To construct subject-specific geometries representative of each participant’s hip joint, the proximal femur and the pelvis of each participant’s pelvic CT radiographs were manually segmented into 3D models using modeling and segmentation software (3D-Doctor 4.0, Able Software Corp., Lexington, MA, USA). The affected side for both patients was coincidentally the left hip; therefore, only the left hip model of each participant was segmented and matched. The CT slices in the axial view were calibrated with a thickness of 1.25 mm, thin enough to account for the complexities of the innominate structures [33]. The two segmented patient and two control-matched assemblies were then resurfaced using computer-aided design software (SolidWorks, Dassault Systèmes, Concord, MA, USA) to eliminate geometric artifacts and reduce the number of surface polygons. Larger resurfaced edges were integrated onto the smoothed contour, therefore constructing a model that required less finite elements per surface and shorter computation time [4, 39]. Alpha and center-edge (CE) angles of the resurfaced femur and pelvis models, respectively, were verified with each participant’s CT images to ascertain the accuracy of the resurfacing procedure.

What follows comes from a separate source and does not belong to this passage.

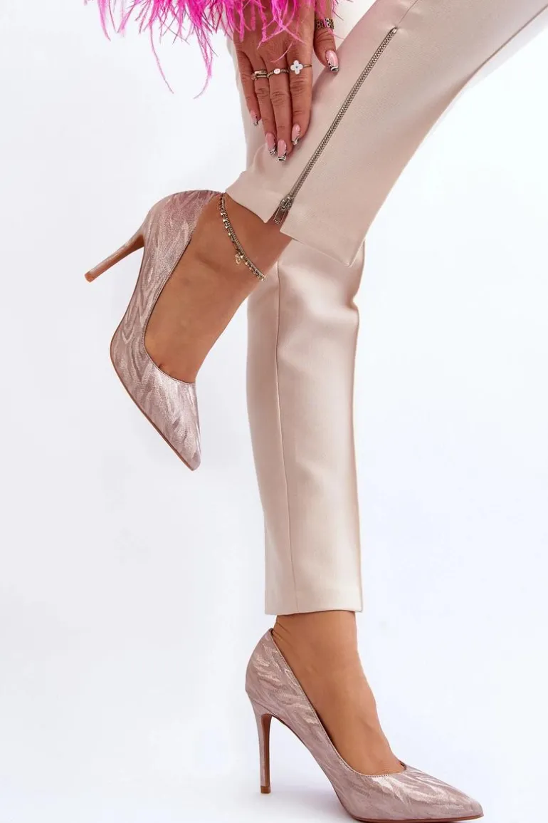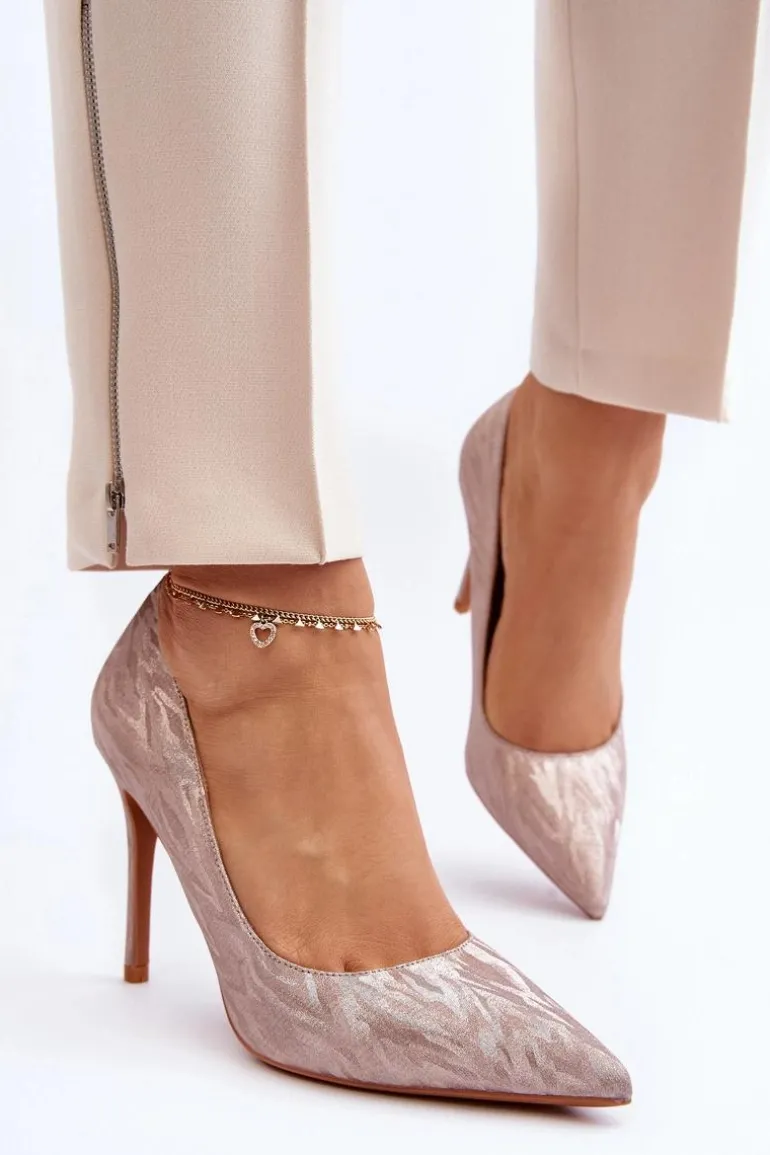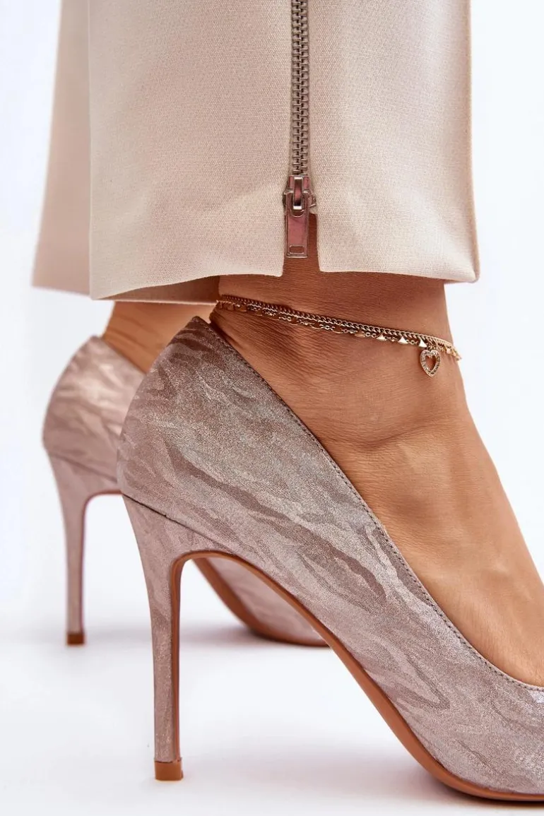 Szpilki Zdobione Brokatem Champagne Klonisa

To form the cartilage layer, an offset method was used to extrude the surfaces of the acetabulum onto the femoral head (Fig. 1). The concavity of the acetabulum did not match the curvatures of the femoral head; thus, the resultant cartilage layer was variable in thickness. The thickness of the layer was marginally reduced towards an ellipsoidal curvature to provide sufficient joint space and prevent any interference between the contact surfaces of the femur and the acetabulum [38]. The cartilage was extruded past the periphery of the acetabular rim, thus representative of tissue at the lateral labral region. The midpoint of this layer was taken as the line separating the acetabular cartilage with the femoral head cartilage. The region of the cartilage layer at the acetabular fossa was removed; thus, the acetabular cartilage was only represented by the surfaces of the lunate and the acetabular dome. No patient or control participant showed any indications of OA or cartilage delamination; therefore, surface discrepancies were neglected, and the cartilage was modeled as a smooth layer.

Fig. 1.

Fig. 1

Cross-sectional frontal view of the left hip joint assembly indicating the variable thicknesses of the acetabular cartilage (black) and the femoral cartilage (light grey)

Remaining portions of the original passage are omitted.